I understand that it suffices to show that $f'(z)=0$

What I don't understand though, is how to take a partial derivative from $2u(x,y) + v(x,y) = 5$ ...

Another solution I thought of is,

If $2u(x,y) + v(x,y) = 5$, and 5 is a real number. Then 2 $y1$ and $y2$ is equal to $0$, and 2 $x1$ and $x2$ is equal to $5$.

meaning that if I take the derivative of 2 $x1$, its always going to be zero because 5 is a constant. $\frac{du}{dx} = 0$ and since it's analytic, by CRE it implies that $\frac{dv}{dy}$ is also zero.

Likewise if I take the derivative of $x2$, $\frac{dv}{dx}$ is also going to be $0$, which again by CRE implies that $-\frac{dv}{dx} = \frac{du}{dy}$.

So it's all $0$, meaning that $f$ is a constant.

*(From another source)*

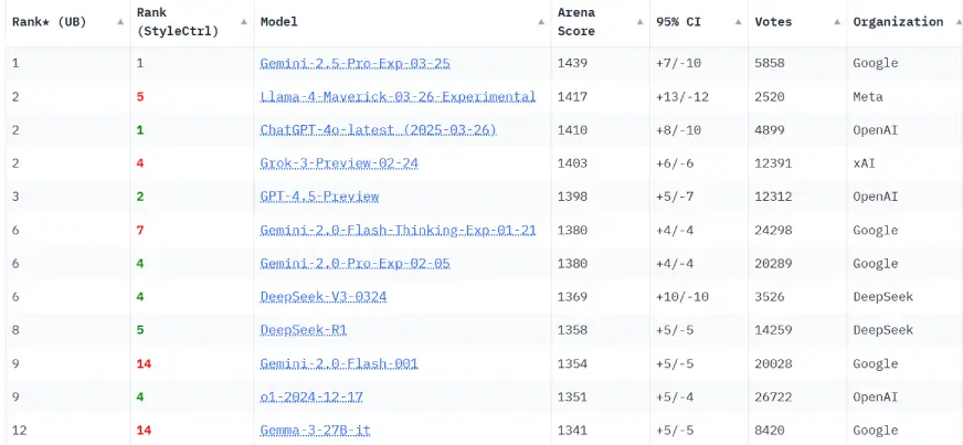 目前得分最高的模型:Gemini 2.5 Pro Exp,得分 1439。

Any hints? or suggestions in regards to this solution?

Answer 1

The image of such an analytic function would be a subset of a line in the plane. I don't know where you are in your study of complex variable, but such a function would not be an open mapping [if it is nonconstant], so it cannot be analytic.

Answer 2

Taking partial derivatives of $$2u+v=5$$ gives $$2u_x+v_x=0\\2u_y+v_y=0$$ Use the Cauchy-Riemann equations to express the partials with respect to $y$ in terms of the partials with respect to $x$, and conclude that all fo them are $0$.

Answer 3

"I understand that it suffices to show that $f′(z)=0$". This is true only for domains in the complex plane. For a counterexample, take $f \equiv 1$ in $B_1 (0)$ and $f \equiv 0$ in $B_1 (3)$. $f$ is only locally constant. Other than that, @saulspatz already gave the answer I was about to give you.